= GIVEN MATERIAL =
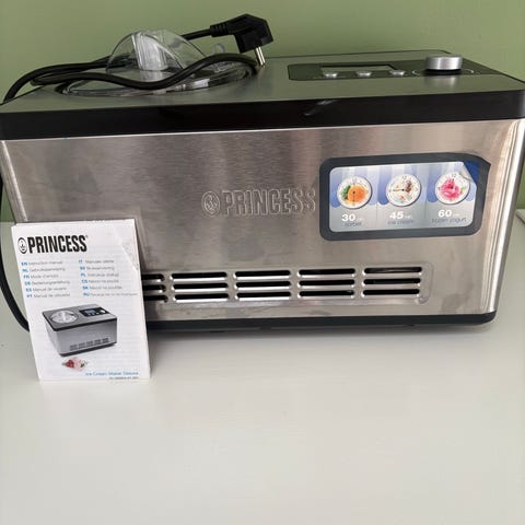 Princess Ismaskine. Maskinen har digitalt display og en beholder til isproduktion der kan tages ud og rengøres efter brug. Lidt brugsspor i skålen, men kun kosmetisk.
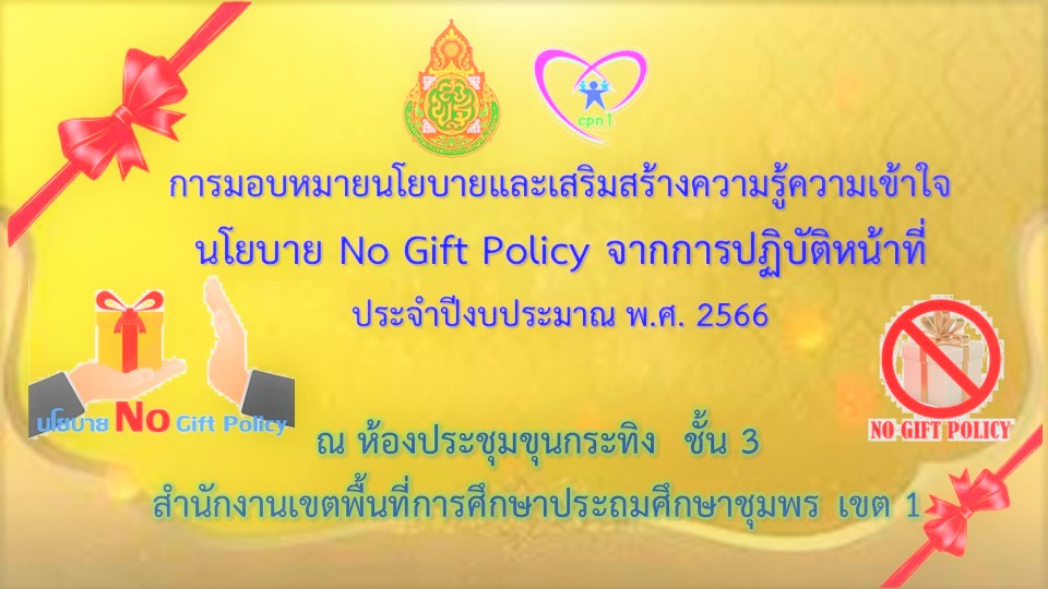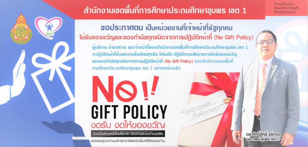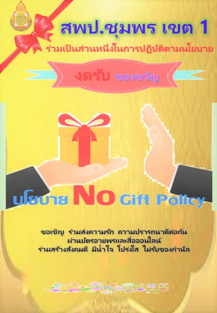ผู้บริหารการศึกษา ข้าราชการครูและบุคลากรทางการศึกษาและบุคลากร ของสำนักงานเขตพื้นที่การศึกษาชุมพร เขต 1 ทุกคน จะต้องไม่รับของของขวัญและของกํานัลทุกชนิดจากการปฏิบัติหน้าที่(No Gift Policy) ทั้งในก่อนขณะหรือหลังจากการปฏิบัติหน้าที่ที่จะส่งผลให้เกิดการทุจริตและประพฤติมิชอบ เพื่อให้การปฏิบัติหน้าที่เป็นไปอย่างเที่ยงธรรมและไม่เกิดผลประโยชน์ทับซ้อน หรือส่งผลกระทบต่อความเป็นอิสระในการตัดสินใจให้เปลี่ยนแปลงไปในทางทุจริตและประพฤติมิชอบ
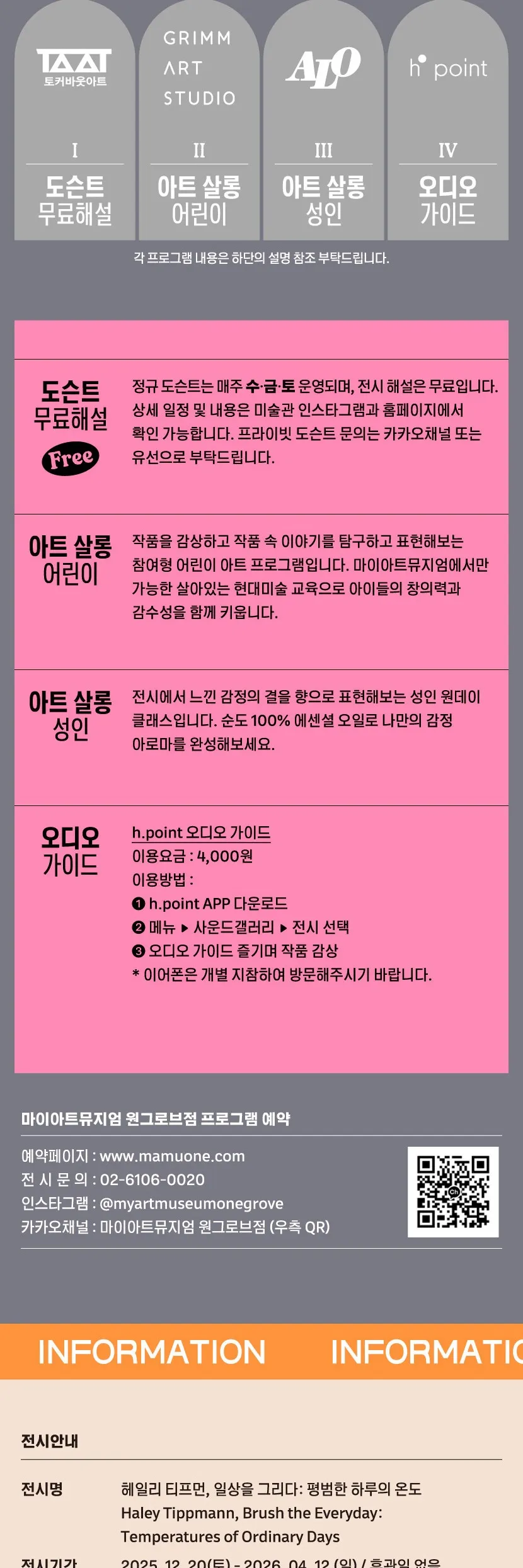 - 전시 및 프로그램의 자세한 정보는 상단의 QR코드 또는 공식 홈페이지를 통해 확인해주시기 바랍니다.

= INSTRUCTIONS FOR THE TASK =
Starting at the line that holds "ของสำนักงานเขตพื้นที่การศึกษาชุมพร เขต 1", retype every line through the end of the data, both ends included. Pictures stay out of the copy.

= SOLUTION =
ผู้บริหารการศึกษา ข้าราชการครูและบุคลากรทางการศึกษาและบุคลากร ของสำนักงานเขตพื้นที่การศึกษาชุมพร เขต 1 ทุกคน จะต้องไม่รับของของขวัญและของกํานัลทุกชนิดจากการปฏิบัติหน้าที่(No Gift Policy) ทั้งในก่อนขณะหรือหลังจากการปฏิบัติหน้าที่ที่จะส่งผลให้เกิดการทุจริตและประพฤติมิชอบ เพื่อให้การปฏิบัติหน้าที่เป็นไปอย่างเที่ยงธรรมและไม่เกิดผลประโยชน์ทับซ้อน หรือส่งผลกระทบต่อความเป็นอิสระในการตัดสินใจให้เปลี่ยนแปลงไปในทางทุจริตและประพฤติมิชอบ
 - 전시 및 프로그램의 자세한 정보는 상단의 QR코드 또는 공식 홈페이지를 통해 확인해주시기 바랍니다.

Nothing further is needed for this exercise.